There are many little changes in everyday lives and some major financial commitments we can take that benefit the environment and also lower the cost of utility bills.
Saving energy means using fewer energy resources to perform the same tasks, this translates to lower energy costs. In order to save energy, you need to know where it is being spent and how it can be used most efficiently. Save energy by turning off appliances while you’re not using them; this costs so little, yet this habit will help you save plenty of energy.
1. Replace your light bulbs with LED lights
Traditional light bulbs use so much energy and must be changed regularly. Halogen incandescent bulbs, light-emitting diode rating (LED) bulbs use approximately 25-80% less energy, and last 3 to 25 times as long. While energy-efficient bulbs cost more on the rack, they have lower operating costs and longer lifetimes.
2. Make Use of a Smart or Programmable Thermostat
An energy-efficient thermostat may be programmed to turn off while you’re sleeping or when you’re gone. Installing a configurable thermostat means lessening your heating and cooling costs without replacing your air conditioning system. If you use a programmable thermostat, you might save $180 per year on your energy bill. You may also choose from several programmable thermostats that work to meet your needs on a monthly, daily, or even hourly basis. Additional functions of thermostats provide indicators that notify you when you know the HVAC device or filters need to be replaced.
3. Eliminate or Reduce Thermal Bridges in your Home
Thermal bridges happen when a portion of a wall, floor, or roof becomes so hot that it carries away more of the heat than the surrounding substance. This has the effect of drawing heat out from the home, creating more energy that’s needed to maintain a constant and pleasant indoor temperature. Even in a perfect and completely sealed setting, thermal bridges can account for as much as 30% of heat loss. The technology you already have is just as good as your creativity, experience, common sense, and persistence when it comes to locating hidden places in your house. You just running your hand across a wall will focus your eyes on the exposed pipes in the cooler areas.
4. Insulate Your Home
The only approach to avoid thermal bridges is to insulate your house.
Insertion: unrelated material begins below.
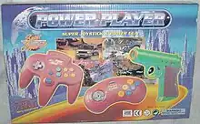 The Power Player Super Joy III (also known as Power Joy, Power Games, and XA-76-1E) is a line of handheld Nintendo Entertainment System/Famicom video game console clones. They are notable for legal issues based on the violation of intellectual property rights held by Nintendo and its various game licensees. Manufactured by Sinango, the Power Player line has been sold in North America, Brazil, Europe, Asia, and Australia.

In the winter, you’ll be storing heat, and in the summer, you’ll be letting it out. It is estimated that up to 70% of the electricity that is needed to heat and cool the building will be saved. The amount of “R” needed depends on where you reside. It is a common misconception that houses built in the coldest areas like the Northeast should have even lower insulation values, to avoid freezing in the winter. The insulation used in your house depends on where the room is located. The four most important places that you can insulate are the attic, windows, basement, and crawlspace.
5. Always Buy Energy-Efficient Appliances
Using a more power saving dryer and refrigerator will save you money on electricity. They will reduce electrical usage by installing heat pumps. Maintaining and repairing your equipment on an annual basis would have a significant impact on your energy use.
Conserving energy is good for the atmosphere; it also helps you save a lot of money in the long run. So now is the time to make your home energy efficient.